Further on, we pass in a MyParams type. It is a struct in this case (it could be a class), which we use in this example for demonstrating purposes. The overload to CompiledQuery.Compile method takes up to 16 type parameters, if you use a parameter object instead, you can provide multiple parametres. The MyParams type looks like this:




struct MyParams
{

public DateTime startDate { get; set; }

public DateTime endDate { get; set; }

public decimal totalDue { get; set; }
}




Let's have a look at the declaration of the compiled query again:


static readonly Func<AdventureWorksEntities, MyParams, IQueryable<SalesOrderHeader>> s_compiledQuery =

CompiledQuery.Compile<AdventureWorksEntities, MyParams, IQueryable<SalesOrderHeader>>(
(ctx, myparams) => from sale in ctx.SalesOrderHeader
where sale.ShipDate > myparams.startDate && sale.ShipDate < myparams.endDate
&& sale.TotalDue < myparams.totalDue
select sale);


Make a note that we use the Func type to store the compiled query. The LAST parameter is the return type of the delegate that we use, which is the right hand side of the declaration above. The return type is IQueryable of type SalesOrderHeader. This must of course match the entity framework query that is used in the right hand side. If you use an ordering expression in the EF query (orderby), the return type will be IOrderedQueryable instead. Further on, we use a lamba expression and use two variables on the left of the goes to operator => , which for some will be a bit uncommon, as most are used to x => x.MyValue and so on. It is possible to specify more than two variables also here, if you use 'index', that has a special meaning (index within the result set).. Anyways, the injection of the parameters are defined indirectly on the left hand side and then used in the EF query on the right side of the expression.

The data is fetched from the database by invoking the compiled query with the Invoke method of the Func which is assigned at the top. This will actually fetch the data. The result set is stored into a variable of type IQueryable<SalesOrderHeader> , if you want to use ordering in the EF query, use IOrderedQueryable instead, it is also possible to used grouping in the EF query of a compiled query, use IGroupedQueryable then (example not included..)

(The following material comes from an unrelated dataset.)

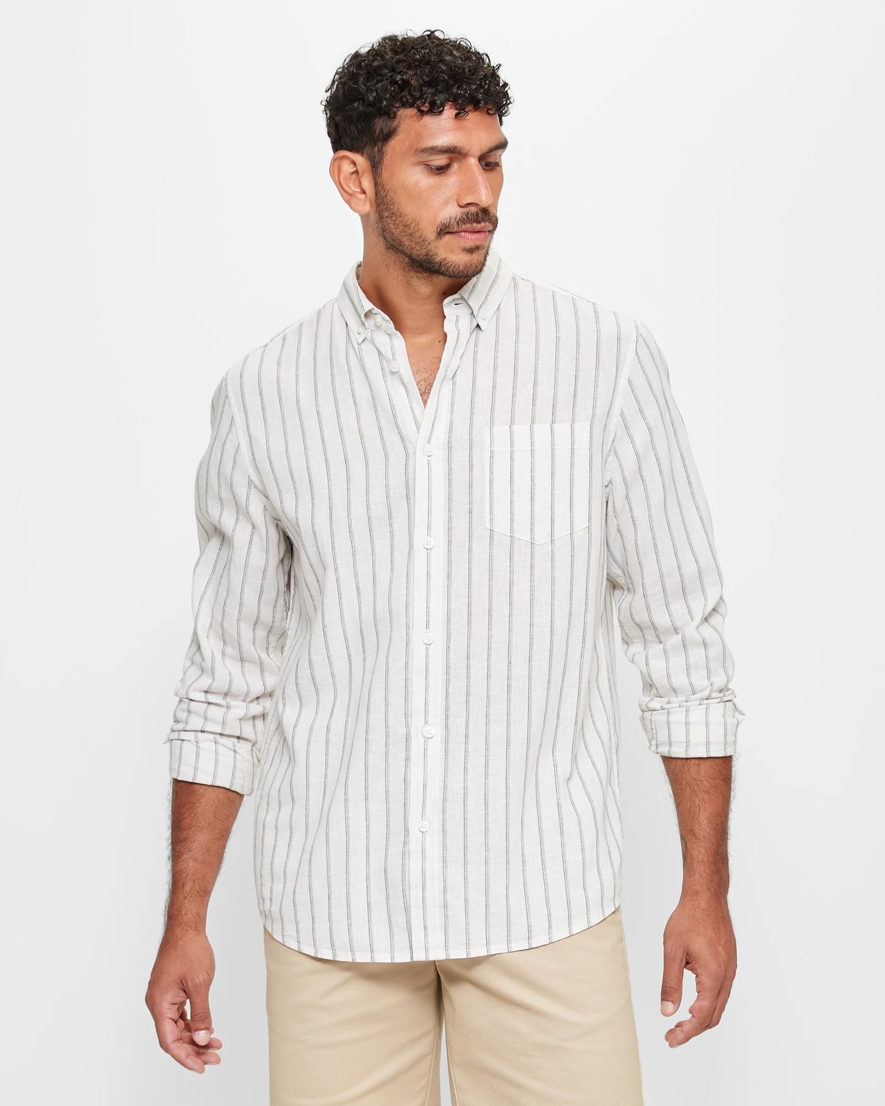 Upgrade your wardrobe with our Linen Blend Shirt for men. Crafted from a soft and breathable blend of linen and cotton, this shirt offers ultimate comfort throughout the day. The regular fit and grey and white stripe print make it a versatile addition to your collection. Featuring a collared neckline and button-through front, this shirt is both stylish and functional. The long sleeves with buttoned cuffs add a touch of sophistication. Get ready to make a statement with our Linen Blend Shirt.

IQueryable<SalesOrderHeader> sales = s_compiledQuery.Invoke(context, new MyParams
{
startDate = new DateTime(2003, 3, 3),
endDate = new DateTime(2003, 3, 8),
totalDue = 700.00M
});



The compiled query is invoked and MyParams is specified inline here by using a constructor initializer (this is a struct which is used, however it is possible to use a class instead, if desired), the context is also passed. The invoke method of the Func will use the compiled query and invoke the query to the database and fetch the dataset using the compiled query.

If you use EF to build reports or other more complex queries, the use of a compiled query is highly recommended. It could be possible to use directly SQL, but that will mean that you will loose the support of refactoring (directly querying the database skips the overhead of translating an Entity Framework query into a sql expression).

This is therefore a highly recommended approach to performing faster Entity Framework queries against your database. Check out the MSDN page for more resources, I have not done any performance testing on this feature, but I feel it looks very promising.